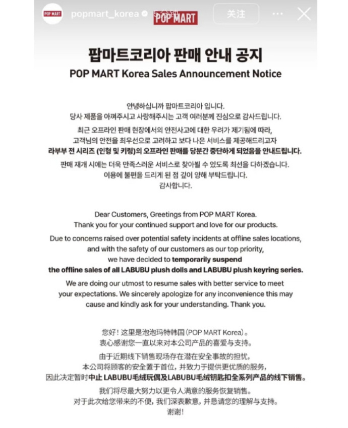 您好!这里是泡泡玛特韩国(POP MART Korea)。由于近期线下销售现场存在潜在安全事故的担忧,本公司将顾客的安全置于首位,并致力于提供更优质的服务,因此决定暂时中止 LABUBU毛绒玩偶及LABUBU毛绒钥匙扣全系列产品的线下销售。我们将尽最大努力以更令人满意的服务恢复销售。对于此次给您带来的不便,我们深表歉意,并恳请您的理解与支持。
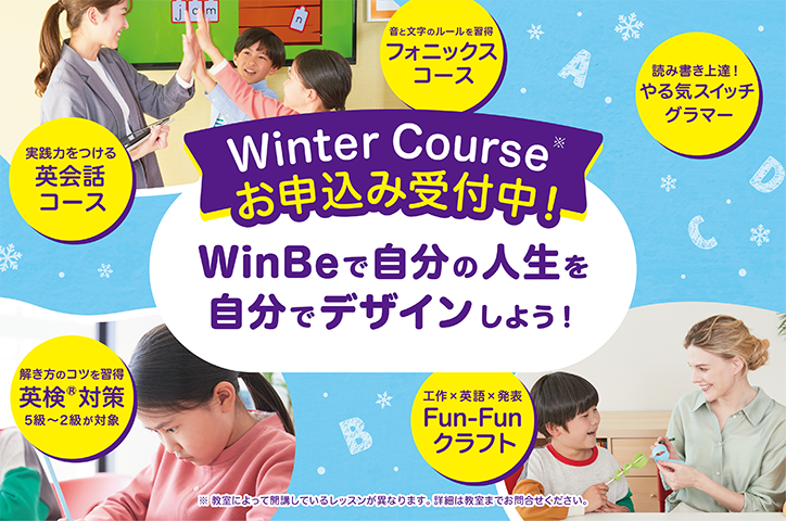 WinBeでは、英語をはじめてみたい、もっと英語を身につけたいというお子さまを対象に、うれしい情報が盛りだくさんです。 この機会にぜひともご利用ください。ご来校お待ちしております。
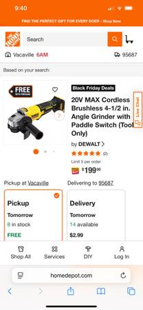 Brand new never used DeWalt 20V brushless (DCG407) angle grinder with paddle switch. This model retails for $199 for tool only.

□ □ □ □

Exclude every picture, then reproduce the remaining data character for character.

• Task output:
 您好!这里是泡泡玛特韩国(POP MART Korea)。由于近期线下销售现场存在潜在安全事故的担忧,本公司将顾客的安全置于首位,并致力于提供更优质的服务,因此决定暂时中止 LABUBU毛绒玩偶及LABUBU毛绒钥匙扣全系列产品的线下销售。我们将尽最大努力以更令人满意的服务恢复销售。对于此次给您带来的不便,我们深表歉意,并恳请您的理解与支持。
 WinBeでは、英語をはじめてみたい、もっと英語を身につけたいというお子さまを対象に、うれしい情報が盛りだくさんです。 この機会にぜひともご利用ください。ご来校お待ちしております。
 Brand new never used DeWalt 20V brushless (DCG407) angle grinder with paddle switch. This model retails for $199 for tool only.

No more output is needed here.